Banas also comments on patients turning to direct-to consumer (DTC) platforms following insurance denials; rumors of DTC advertising being banned; and much more.
A transcript of his conversation with PC can be found below.
PC: An iPrescribe survey found that many patients turn to DTC platforms following insurance denials. How can these platforms address these challenges more effectively in order to better serve patients?
Banas: It's an interesting survey that you brought up, and there really were two big revelations that came out of it. I'm not sure that anybody would be surprised by them. Like you said, about a third of the time, it was related to cost as a reason to go DTC, whether it was insurance doesn't cover it, or out of pocket is simply too much when I go to my local retail pharmacy. The other one was convenience, which we can set aside and talk about in a second, but DTC is filling a need. I would consider it an access need.
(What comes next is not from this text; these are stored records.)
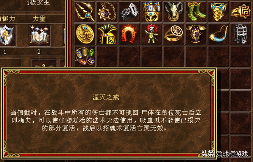 湮灭之戒:战斗中所有伤亡都不可挽回。部队死亡后尸体消失。聚灵重生、转世重生、牺牲、大天使的复活、吸血鬼无法吸血恢复数量,战后招魂术失效。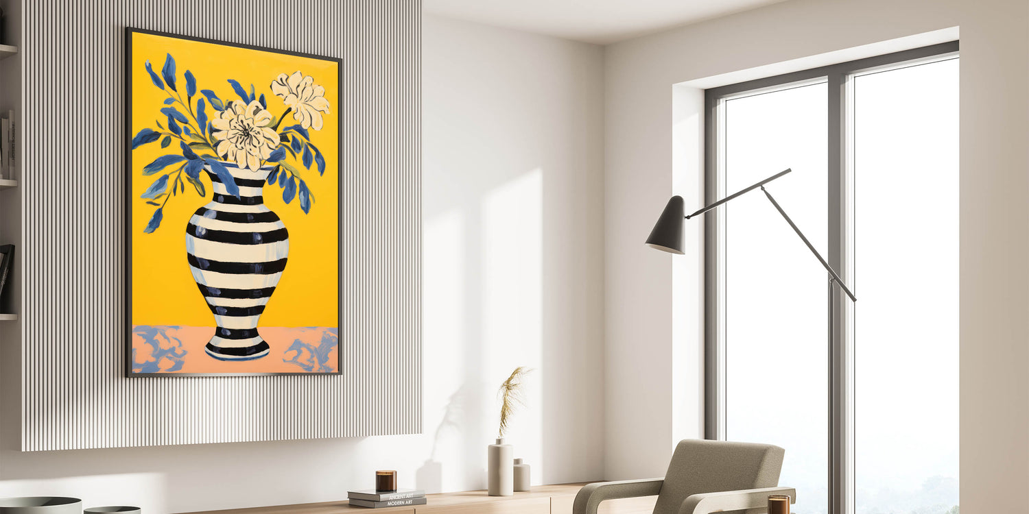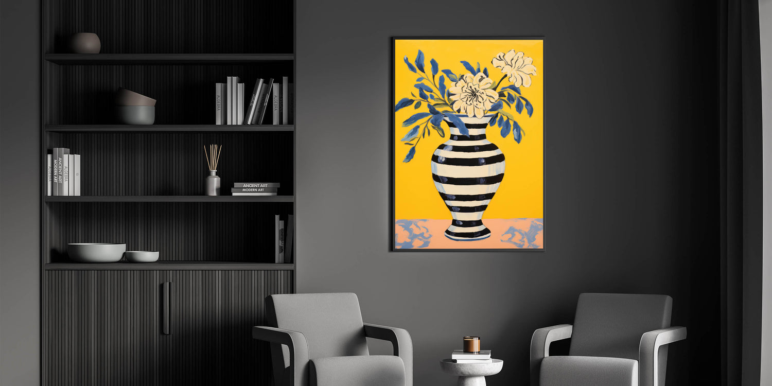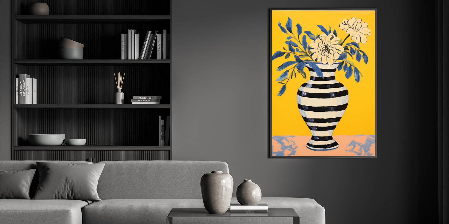 This vibrant electric floral art features a striped vase filled with expressive flowers against a bright yellow background. The striking combination of navy blue leaves and creamy blossoms creates a lively and dynamic visual, making it a bold statement piece for contemporary interiors. The playful use of color and abstract brushstrokes adds an element of modernity, perfect for art enthusiasts who appreciate energetic and eye-catching designs.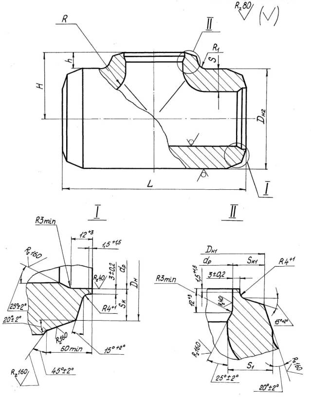 Указанием Министерства энергетического машиностроения от 04.06.82 № ВВ-002/4628 срок действия установлен с 01.01.85 до 01.01.96. Проверен в 1983 г (Измененная редакция, Изм. № 1, Изм. № 3, Изм. № 4). Несоблюдение стандарта преследуется по закону1. Настоящий стандарт распространяется на равнопроходные штампованные тройники с вытянутой горловиной для паропроводов тепловых электростанций с абсолютным давлением Р = 9,81 МПа (100 кгс/см2) и температурой пара t = 540°С. (Измененная редакция, Изм. № 3). 2. Конструкция, размеры и материал тройников должны соответствовать указанным на чертеже и в таблице. 3. Размеры высот Н и h , радиусов R и R1 и толщины стенки Sk1 могут быть изменены при соблюдении условий прочности по усмотрению изготовителя. 4. Предельные отклонения по наружному диаметру DH2 не должны превышать плюс 1,25% и минус 2%. 5. Остальные технические требования по ОСТ 24.125.60-89. (Измененная редакция, Изм. № 3, Изм. № 4). 6. Размер S1 обеспечивается технологией изготовления. (Измененная редакция, Изм. № 4).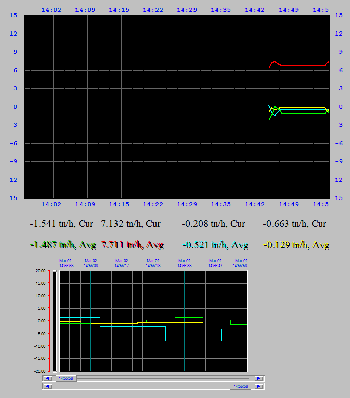 Мне нужен график в реальном времени разницы расходов прямой и обратки теплосчетчика. В HistTrend-е с периодическим апдейтом идёт неудобоваримая "пила", я хочу видеть усредненный график, скажем за минуту. Попробовал сделать так, из HistTrend беру PenAverageValue и использую в Real Time Trend. Всё работает, но только когда окно приложения не свернуто. Если свёрнуто идет прямая линия.

It's providing a convenient way for access and options. In the old days, I had one option, I'm going to go to my doctor, and I'm going to wait to get on the waiting list. Maybe in six months, I'll finally get in to see them, and in my 15 minutes, I might be able to rattle off all of my chronic diseases and concerns, and maybe weight loss will bubble up to the top. Hopefully, if my doctor knows about this particular therapy, is comfortable with this therapy, and is educated, maybe I might qualify. You can imagine, as we've become so used to instant access in other areas of our lives—think about retail, think about banking, think about aviation—all these things are available at the touch of our app on a phone or a mobile device.
It becomes accessibility, it becomes option. And then there’s competition. In the United States, competition among all of these various accessibility options potentially leads to alternatives, whether it's alternative therapies, alternative costs, things like that. I am not surprised in the slightest that DTC has become a bigger and bigger portion of the way Americans seek healthcare. In fact, some of the pharmaceutical manufacturers actually are offering their own DTC now. I think of LillyDirect as one of the pioneers in that space.